Herbert John Gough CB, MBE, FRS (26 April 1890 – 1 June 1965) was a British engineer and research director. He was most notable for his research on metal fatigue and was the chief engineer at Unilever from 1945–55.

Life
Born in Bermondsey, London, Gough attended the Regent Street Polytechnic, and won a scholarship to University College London. In 1909, he became an apprentice at Vickers, Sons in 1913. He graduated from the University of London, with a BSc, a DSc and PhD  in engineering. From 1914 to 1938, he worked at the National Physical Laboratory. From 1914 to May 1919, he served with the Royal Engineers. He was mentioned twice in dispatches, and was awarded the MBE in 1919.
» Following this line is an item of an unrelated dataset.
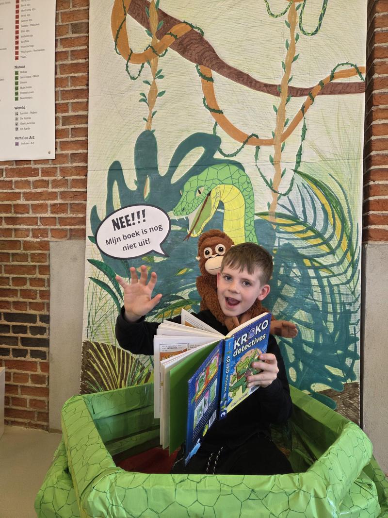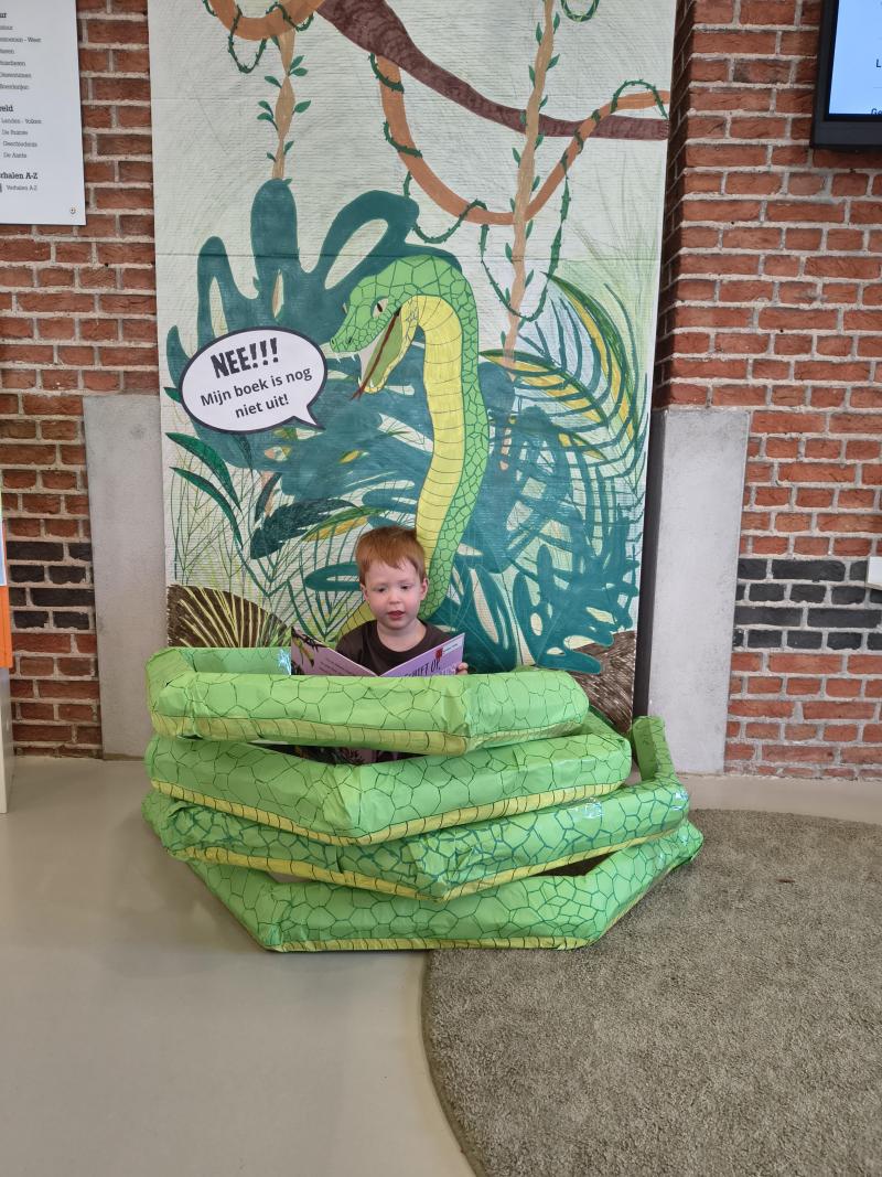 Lucas is het aan het lezen met de knuffel van Punch en wordt bijna gewurgd door de slang, ahhhh

His main area of expertise was the study of material fatigue. In 1938, he was director of scientific research at the Ministry of Supply. He was appointed Knight Commander of the Order of the Bath in 1942. He was responsible for the Telecommunications Research Establishment at Malvern, Porton Down, and the rocket station at Aberystwyth Port, Cardiganshire.

In 1946, he presented the Thomas Hawksley Lecturer on Unexploded ordnance. In 1947 he was decorated with the Medal of Freedom with Silver Palm by the United States.

After the war, he joined Unilever as Engineer-in-Chief. He retired in 1955. He was President of the IMechE in 1949.

Works
The fatigue of metals: with numerous diagrams and tables, Scott, Greenwood & Son, 1924

References

External links
"H.J. Gough", Google Scholar

1890 births
1965 deaths
People from Bermondsey
British Army personnel of World War I
British mechanical engineers
Fellows of the Royal Society
Royal Engineers officers
Members of the Order of the British Empire
Companions of the Order of the Bath
Alumni of the University of London
Scientists of the National Physical Laboratory (United Kingdom)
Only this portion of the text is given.